I last saw this movie as part of a US DVD boxed edition decades ago but, I have to say, the Blu Ray restoration of it here by Eureka Masters Of Cinema is truly stunning. It looks like the thing was shot last week. Such a crisp and blemish free experience... this is absolutely the best way to see this film (and I suspect their accompanying treatments of The Black Cat and The Raven will be similar revelations). The film is presented both in it’s original version, with pretty much no background music (as was in keeping with this period... this lack of an underscore being thrown out as an idea just a year later when King Kong proved that you could successfully still heighten drama through music in a talking picture) and also with a version where Universal has added some more underscore (which I eschewed watching in favour of looking at it properly). There are, however, two very interesting uses of music on the opening and closing titles. The film opens with exactly the same musical opening as The Mummy from the same year, similarly falling back after the opening bars on the Swan Lake music which marked similar Universal Horror branded pictures of the times. The end title music will be especially familiar to people who remember the third episode of Flash Gordon Conquers The Universe (reviewed here), when Dr. Zarkov leads a rescue party for Flash and his colleagues, who have been buried under an avalanche... this is the same piece of scoring used here, although what it’s originally from I have no idea, although I always loved this music as a kid (it’s not from Les Preludes, as was a lot of the music from certain sections of that serial).

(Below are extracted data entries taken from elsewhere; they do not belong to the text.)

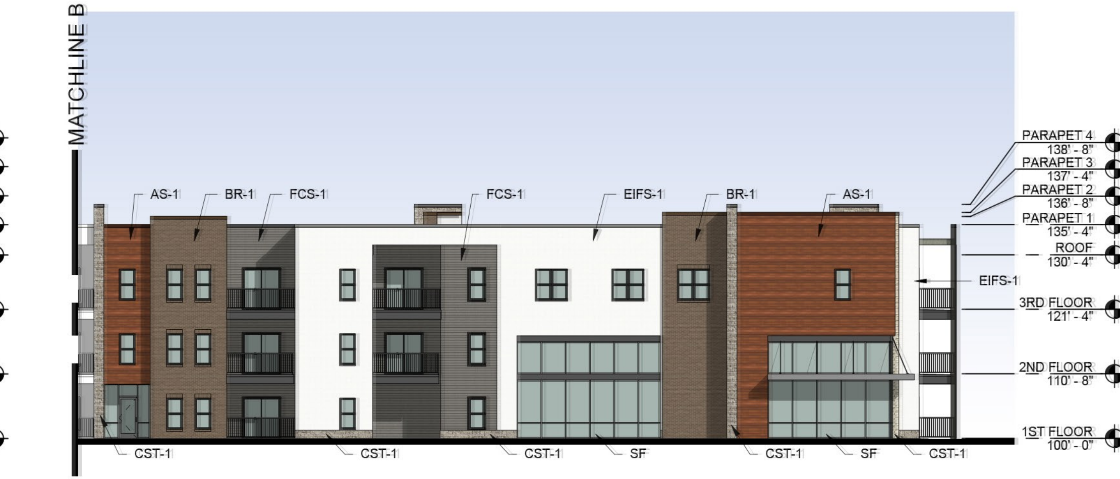
8 WEST ELEVATION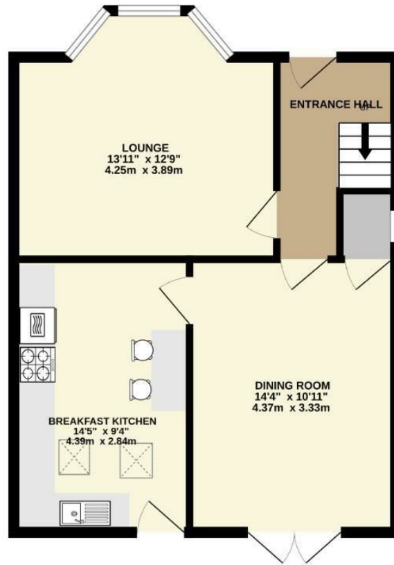
GROUND FLOOR 525 sq.ft. (48.8 sq.m.) approx.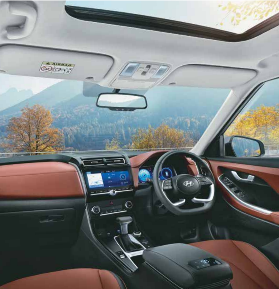
Premium dual tone cognac brown interiors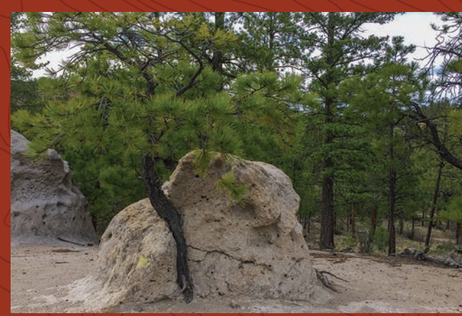
DESERT ENVIRONMENTS CAN BE HARSH

A 58-mile network of trails links the foothills, canyons, and mesas in and around Los Alamos. Hikers, runners, horseback riders, mountain bikers, and other trail users delight in the variety of trails from which to choose. The trails offer a quick escape from the hectic pace in town; a route to commute to work, an easy stroll or a physical challenge, the chance to observe wildlife, or simply soaking in the impressive views. The County Trail Network connects over 100 miles of trails on the surrounding Santa Fe National Forest and the adjacent Valles Caldera National Preserve.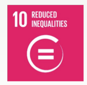
Reduce inequality within and among countries.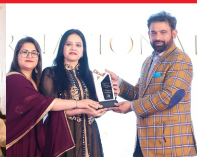
Sh. Chetan Sharma Ex. Cricketer & Indian Politician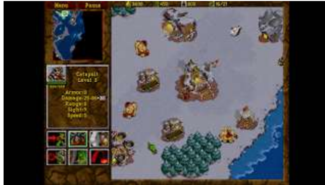
Warcraft 2: A lot happens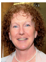
Author: Zena Moore

The cost-effective, efficient management of individuals with wounds is a key factor in providing quality wound management services. Whereas this espoused principle may seem relatively straightforward, in reality it is not. A lack of evidence to support dressing use, along with a lack of sustained availability of the right dressing for the right patient, often means

And that’s me done on this one. Murders In The Rue Morgue is a film which, like the other two films in this set, owe very little and bear not much relation to the Edgar Allan Poe tales that they purport to be adaptations of, quite prominently, in their marketing. It certainly owes much more to The Cabinet Of Doctor Caligari and it’s great if you love watching movies of Bela Lugosi playing mad scientists (of which he did a fair few, from what I can remember seeing over the years). If you like these films, this new Blu Ray transfer is absolutely amazing and definitely worth the price of admission, to be sure.